Face-Centred Squareness

But as humans, we are frightened by complexity, even as we embrace it. The structures we configure purposely into networks, i.e. their topologies, are simple-minded. As they grow beyond our designs, we fret like worried parents over the consequences of this growth and try to protect systems with firewalls and other barriers. Recall Alvin Toffler's comments about industrialization from the last episode of the series.

It is no coincidence that published maps of the Internet look like snowflakes or leaves (see the images famously generating by Bill Cheswick at AT&T) -- it is not that the Internet appears biological, the point is that these bio-structures are themselves networks. This is what networks look like when they emerge in the natural world purely as a result of mutually beneficial interaction. When engineers design networks they look quite different -- like stars and trees. Humans only build in this "organic" way when things are "out of control", i.e. when they are no longer designed by an engineer, but they "grow" following an economic principle of development rather than a regulated one. Why not? If these structures are so successful in nature, why don't we build like this? Perhaps we are small-minded.

Humans love to build centralized and hierarchical structures, whether in industries, governments or in armies. Possibly there is an social-anthropic reason for this (perhaps an expert, on reading this, will tell me the answer): there is evidence to show that people have evolved to work in groups of around thirty at the most. Once this size it exceeded, they tend to break up into sub-groups which cluster around a new leader.

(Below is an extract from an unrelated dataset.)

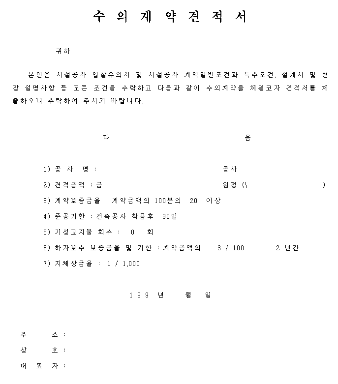 홈 회사서식 [서식] 수의계약 견적서 공사관리 [서식] 수의계약 견적서 공사관리 하보니 2월 27, 2021 서 식 명: 수의계약 견적서 공사관리 서식 포맷: 파일 다운로드: 수의계약 견적서_공사관리.hwp Tags: 문서/서식회사서식 Facebook Twitter Whatsapp 다음 이전

Another reason might be cultural, though the structure of families in which a family clusters around a dominant male (as attested to by the unfailingly nauseating and predictable references to "my father" or "daddy, daddy" (never "my mother" or "my family") at every tearful moment in American TV and film).

But there is an fascinating phenomenon going on here. Even if the size of our attention is limited, there is nothing obviously programmed into us that says how these groups must be organized, or is there? Well, roll up! Be amazed by our human propensity (perhaps desire) to subordinate ourselves before an authority figure. We behave like a bureaucracy of sheep in uniform. I always think of the scene from Monty Python's Life of Brian in which Brian tells the crowd: "Don't listen to me -- you have to think for yourselves", to which the crowd cheers in unison "Yes, yes! We must think for ourselves!".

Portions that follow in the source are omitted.